▶ Exercise objective
Please take the records that follow and repeat exactly the lines starting with the line with "MOUNTS, 57 Full" and going on through the line with "Thiết kế sang".

----- Data for processing

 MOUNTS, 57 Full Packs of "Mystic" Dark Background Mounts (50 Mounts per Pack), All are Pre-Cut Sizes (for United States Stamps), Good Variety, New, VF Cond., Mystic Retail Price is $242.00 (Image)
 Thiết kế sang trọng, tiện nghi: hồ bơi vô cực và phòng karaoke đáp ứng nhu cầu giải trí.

----------
----- Data for processing

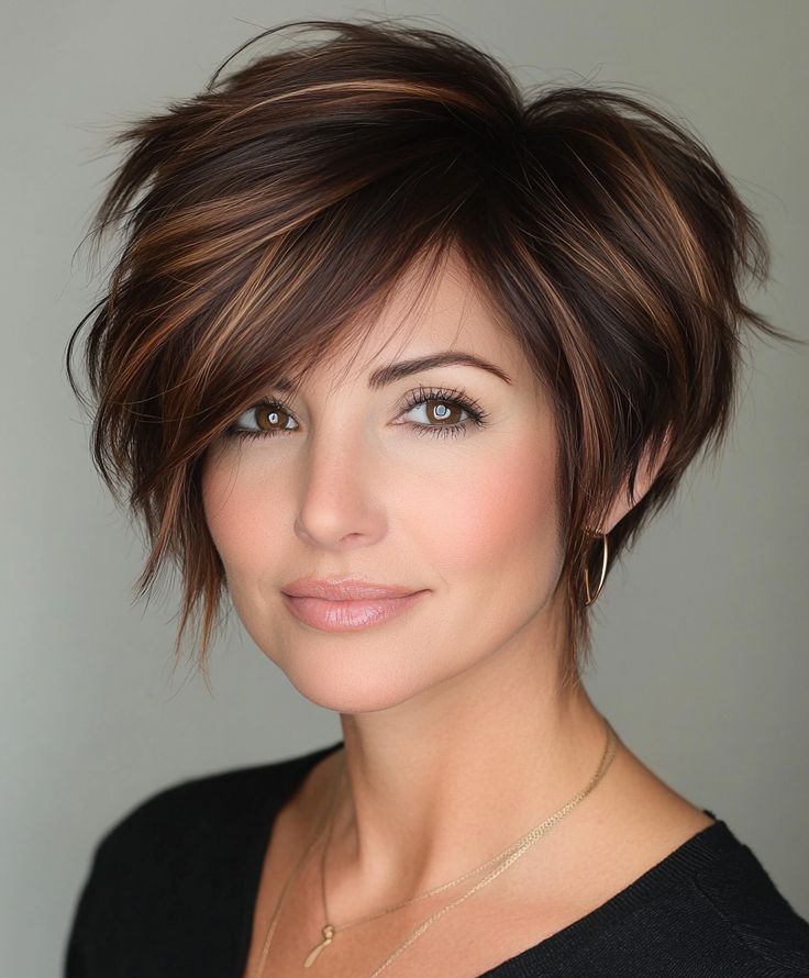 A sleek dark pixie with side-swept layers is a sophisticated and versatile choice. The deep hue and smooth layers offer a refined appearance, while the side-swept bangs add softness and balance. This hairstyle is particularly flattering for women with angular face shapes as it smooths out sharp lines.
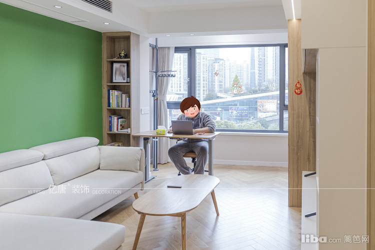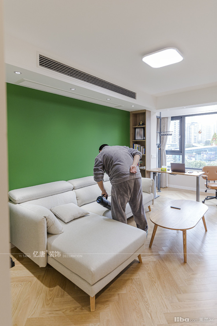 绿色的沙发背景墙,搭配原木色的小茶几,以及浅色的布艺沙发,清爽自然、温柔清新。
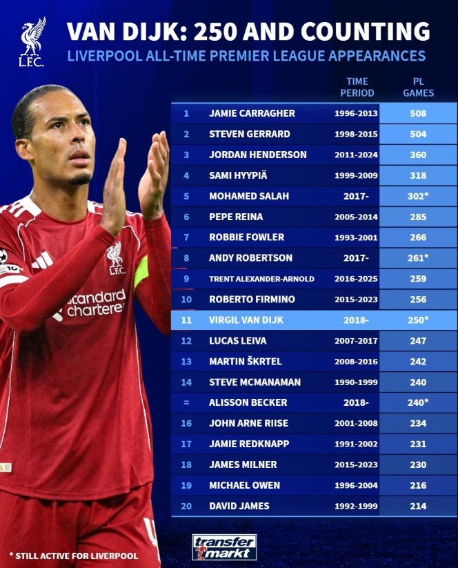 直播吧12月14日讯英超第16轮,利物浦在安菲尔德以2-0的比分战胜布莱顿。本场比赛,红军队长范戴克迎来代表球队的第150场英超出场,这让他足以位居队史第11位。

----------
----- Data for processing

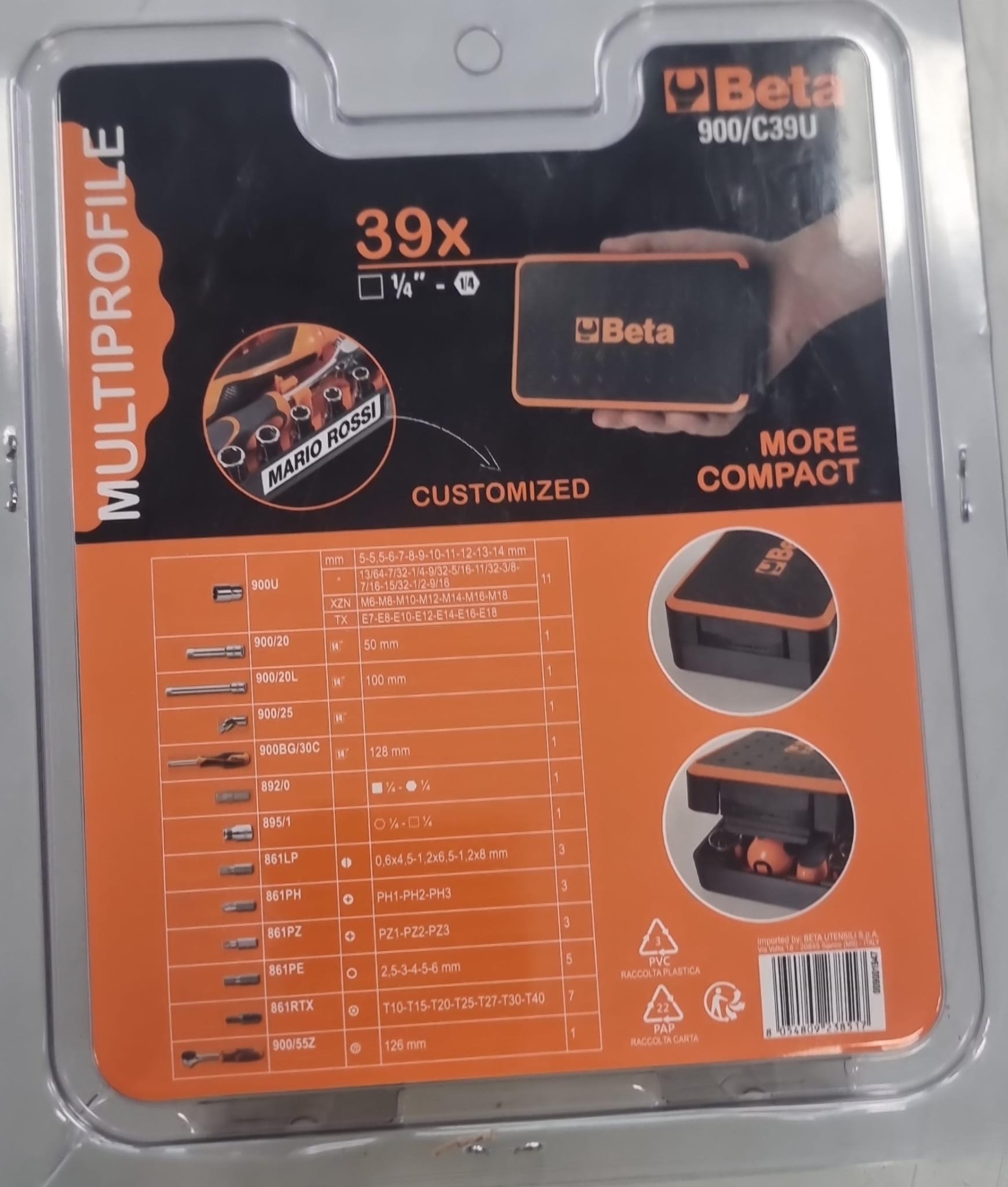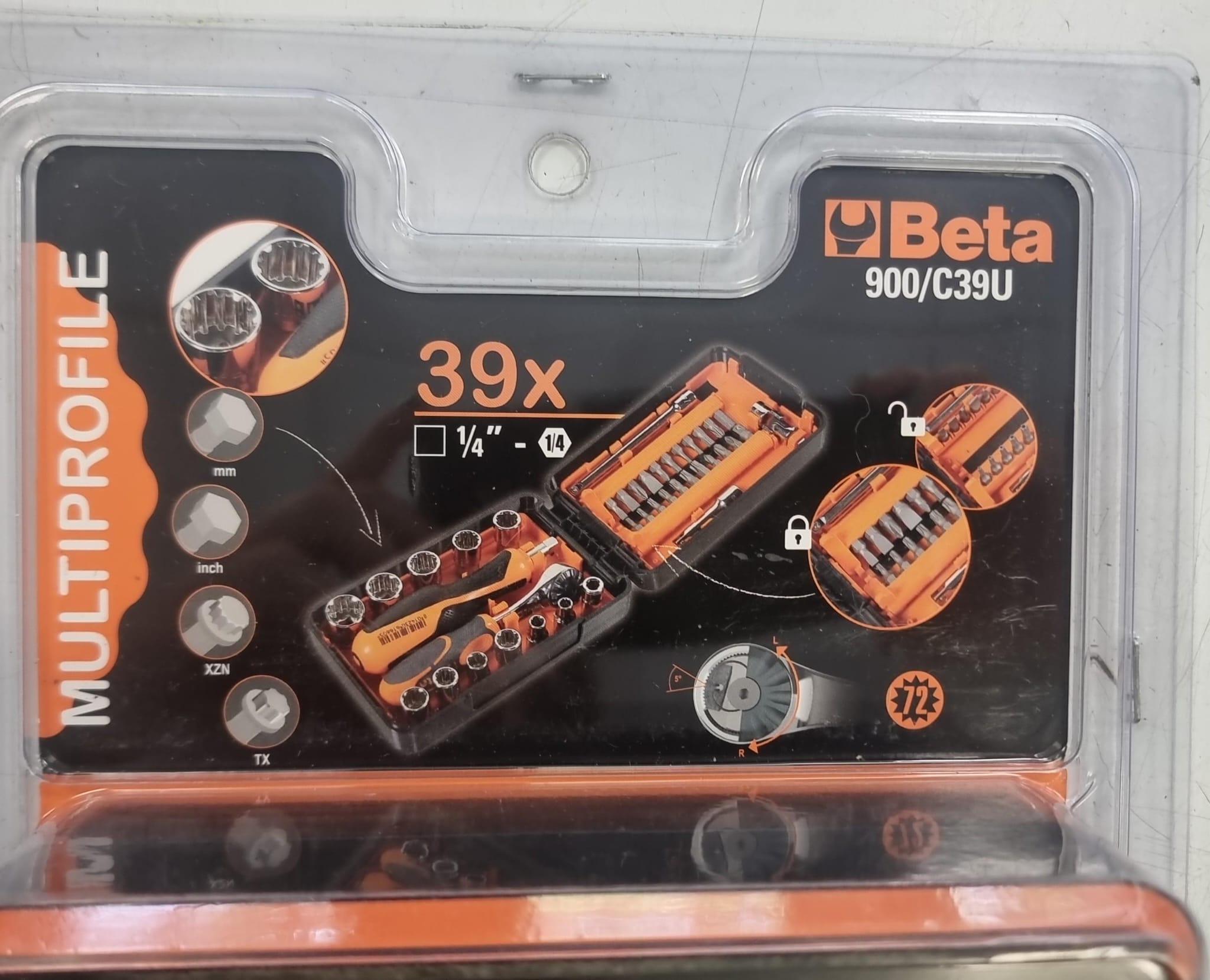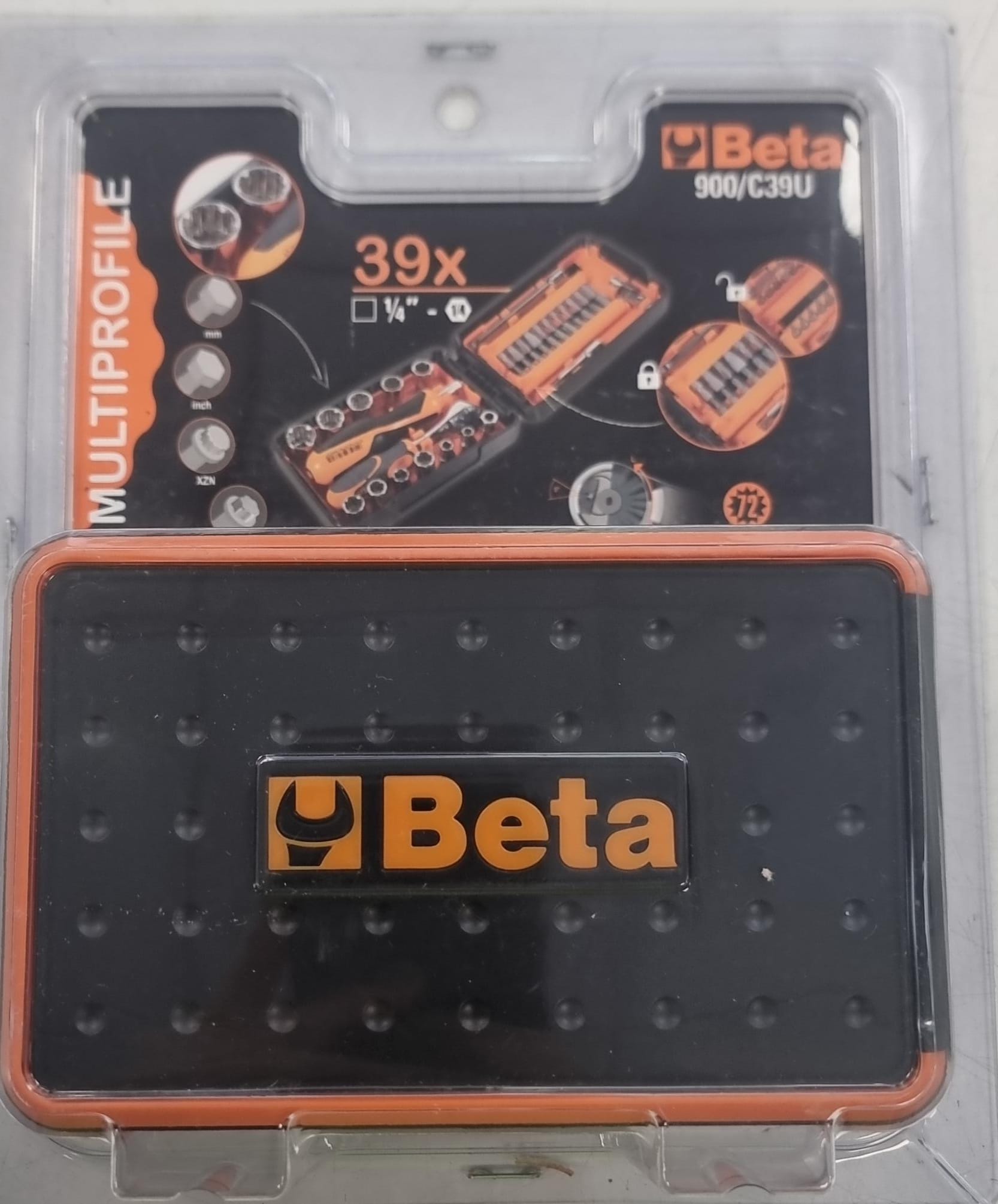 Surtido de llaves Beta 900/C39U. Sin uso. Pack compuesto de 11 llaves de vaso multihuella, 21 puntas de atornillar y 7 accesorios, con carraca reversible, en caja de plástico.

----------

▶ Solution for this exercise
 MOUNTS, 57 Full Packs of "Mystic" Dark Background Mounts (50 Mounts per Pack), All are Pre-Cut Sizes (for United States Stamps), Good Variety, New, VF Cond., Mystic Retail Price is $242.00 (Image)
 Thiết kế sang trọng, tiện nghi: hồ bơi vô cực và phòng karaoke đáp ứng nhu cầu giải trí.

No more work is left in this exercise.